The main trick is the work with the stack. The routine reserves 16 stack bytes for the interrupts. It is possible to reduce this number to 0 if the interrupts are disabled. It maybe made dynamically. So if stack has only 16 bytes free then the interrupts should be disabled and if there is more than 16 free bytes than the interrupts should be enabled. This dynamic control will consume only about 10 more bytes in the code but its effect is small. Some systems use NMI interrupts and this makes such dynamic control more complex. The systems with NMI may require more than 16 free bytes in stack. IMHO 30 bytes will be enough for any system.

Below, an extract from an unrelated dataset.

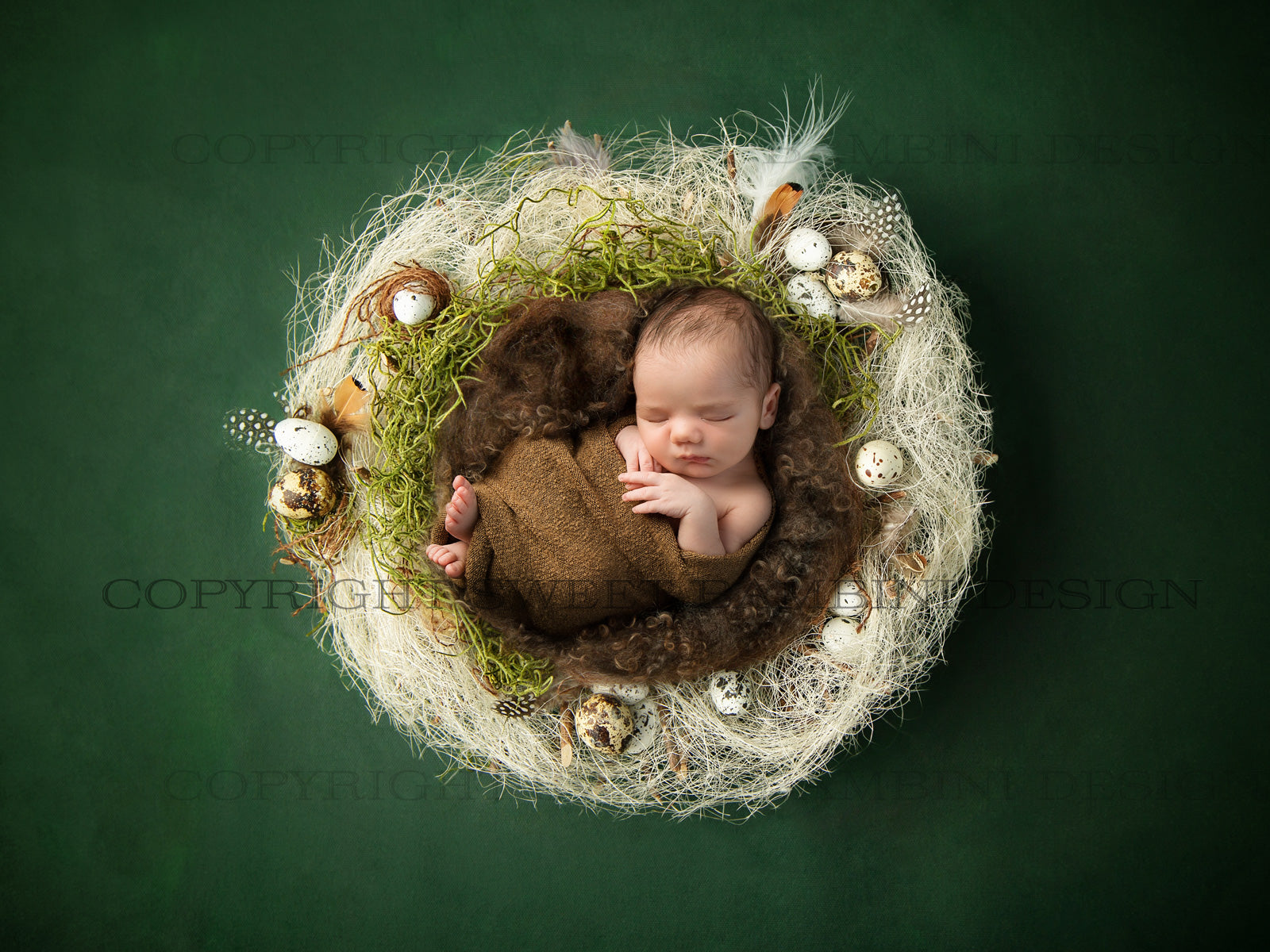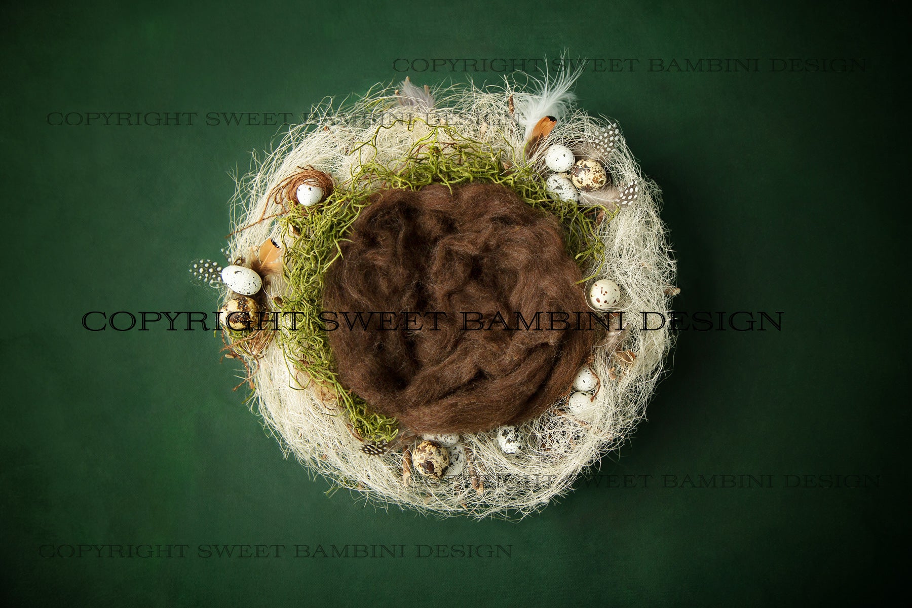 Easter Digital Backdrop for newborns - Natural nest with little eggs and a brown middle shot on a rich green background

Several time measurements (in seconds) were made for the Quicksort and the Fredrik Ramsberg's Shell and Insertion sorts. Commodore +4 is used. Its CPU works at 1.14 MHz average frequency.

Sort Type	Random	Ordered	Reversed	Zeros
Insertion	21.4	0.14	39.75	0.16
Shell	1.75	0.8	1.12	0.82
Quick	0.75	0.4	0.43	0.9

Sort Type	Random	Ordered	Reversed	Zeros
Insertion	317.98	0.6	635.13	0.58
Shell	8.12	4.02	5.25	4
Quick	3.63	1.85	2.02	4.13

Sort Type	Random	Ordered	Reversed	Zeros
Insertion	2877.48	1.78	5714.08	1.75
Shell	30.18	13.82	18.05	13.81
Quick	11.67	6.78	7.28	12.93

Random, Ordered, Reversed, Zeros mean the type of array filling. Random filling just copies ROM content into array. Ordered filling uses numbers from 0 with step 1. Reversed filling uses numbers from $ffff with step -1. Zeros filling is just an array filled with the zeros only.

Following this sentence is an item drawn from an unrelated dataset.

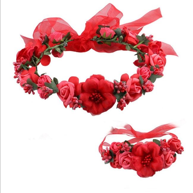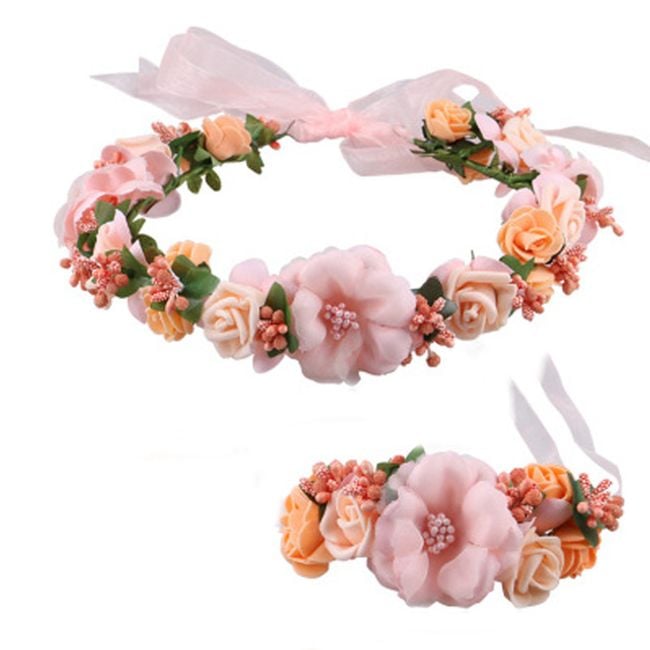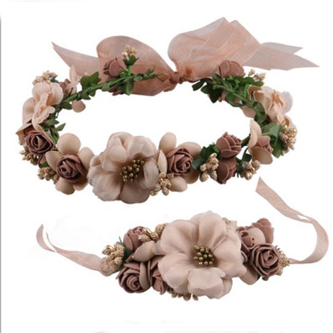 Beautiful floral headband and bracelet, perfect as accessories for a bridesmaid.

So Quicksort is more than two times faster than Shell Sort. Its code occupies together with its call wrapping 259 bytes. It also uses 6 bytes of zero page and 2 bytes of any RAM. The Shell sort requires about 250 bytes for the code and data and it doesn't use stack. It also uses up to 14 bytes at zero page. All these 14 bytes were used in the mentioned above measurements.